5.2 Age, CabinNumber and LastNames
Kuhn and Johnson propose a smoothing function using generalized additive models that use penalized regression to create smoothing for numeric variables against the response. I’ve modified their function somewhat.
my_smooth_plot <- function(d, v) {
TransportedRate <- mean(d$Transported == "True")
my_df <- d %>%
select(!!sym(v), Transported) %>%
arrange(!!sym(v))
my_df_small <- my_df %>%
distinct(!!sym(v))
gam_model <- mgcv::gam(as.formula(paste("Transported", "~ s(", v, ")")), data = my_df, family = binomial())
my_df_small <- my_df_small %>%
mutate(
link = predict(gam_model, my_df_small, type = "link"),
se = predict(gam_model, my_df_small, type = "link", se.fit = TRUE)$se.fit,
upper = link + qnorm(.975) * se,
lower = link - qnorm(.975) * se,
lower = binomial()$linkinv(lower),
upper = binomial()$linkinv(upper),
probability = binomial()$linkinv(link)
)
g <- ggplot(my_df_small, aes(x = !!sym(v))) +
geom_line(aes(y = probability)) +
geom_ribbon(aes(ymin = lower, ymax = upper), fill = "grey", alpha = .5) +
geom_hline(yintercept = TransportedRate, col = "red", alpha = .8, lty = 4) +
scale_y_continuous(breaks = seq(0, 1, 0.1), limits = c(0, 1)) +
labs(x = v, title = paste("Smoothed", v))
return(g)
}
my_smooth_plot(train6, "Age")
Passengers younger that 15 years of age seem to have a higher chance to be transported, with the effect being more significant the younger the passenger is. For the rest of the passengers, age doesn’t seem to matter much.
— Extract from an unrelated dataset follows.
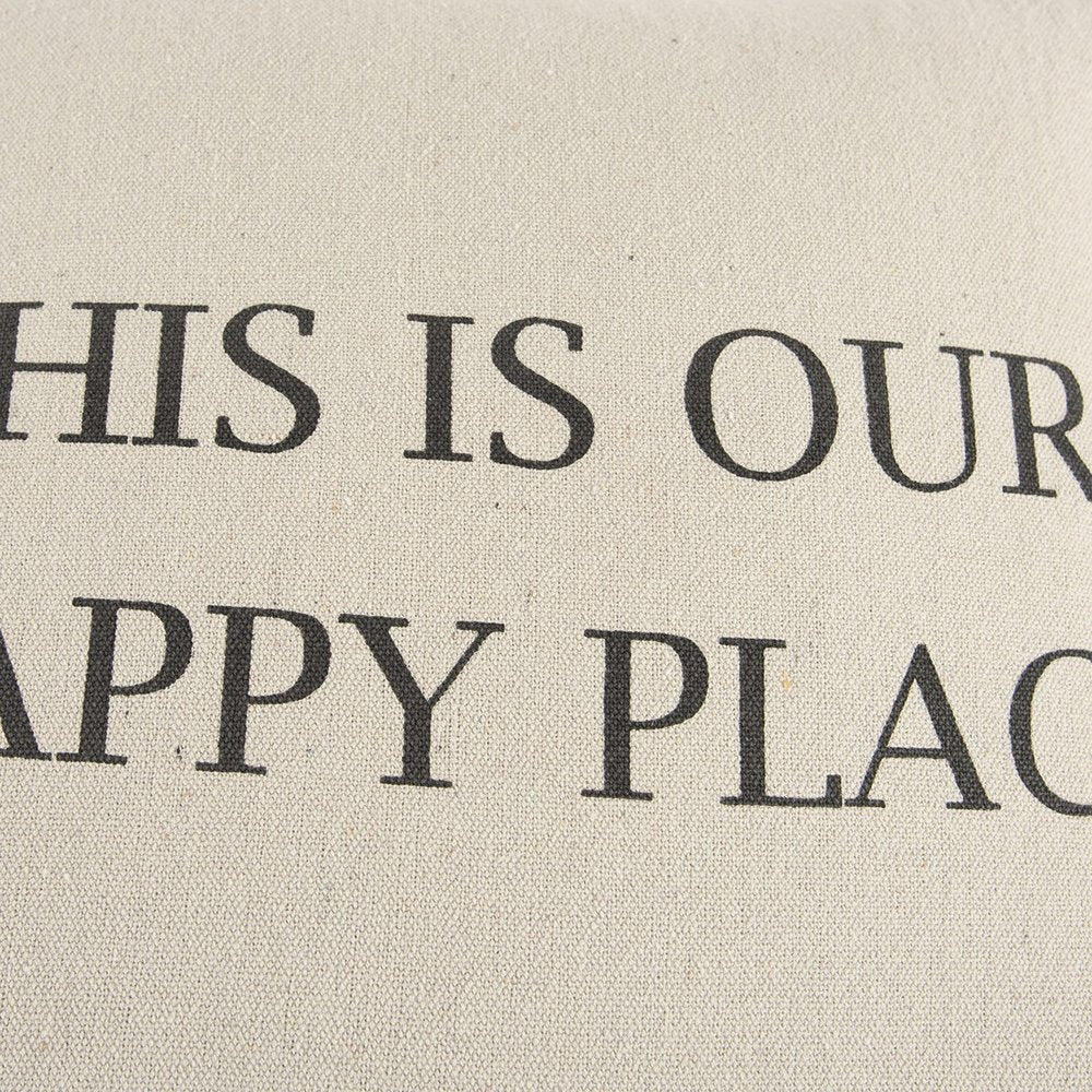 Make your heart feel at peace and happy with the addition of this Gray Taupe Canvas Happy Place Throw Pillow in your living room. The beautifully bold modern font stating ‘This Is Our Happy Place’ in a trout gray over a taupe base, the pillow symbolizes your love for your home while giving a modern essence to the piece. The lightly textured cotton fabric gives a cozy feel on the touch while the self-flange edges prevent fraying, making the pillow a suitable accent for a range of interior themes. This poly-filled pillow features a removable cover for easy cleaning. Convey your love for your happy home with the addition of this decorative throw pillow in the room. 20” x 20” x 6.25”

Here we remember that passengers who were 12 years old or younger never spent credits on amenities so the real divide might be at that number, rather than at 15. We’ll remember this when we consider which features we might want to create.
my_smooth_plot(train6, "PassengerGroup")
Passenger groups seem to have some effect but it’s limited.
my_smooth_plot(train6, "CabinNumber")
CabinNumber shows stronger effects than passengergroup. If we look closer at the cabins around the number 1000, we see that all of those cabins are in decks F and G. If we look back at Figure 4.4 that shows Deck against the response, we can see that these decks show a smaller chance to be transported. This might suggest that the addition of the cabin number could provide a way for the models to find subgroups with a different response compared to the average for the decks.
my_smooth_plot(train6, "LastNameAsNumber")
Perhaps not a surprise but LastName has no effect. Remember, however, that counts of last names as we saw in Figure 5.1 might provide useful information.
5.3 Amenities
The amenity variables that are zero might reflect the fact that the passenger is in cryosleep so let’s filter that out before we plot them.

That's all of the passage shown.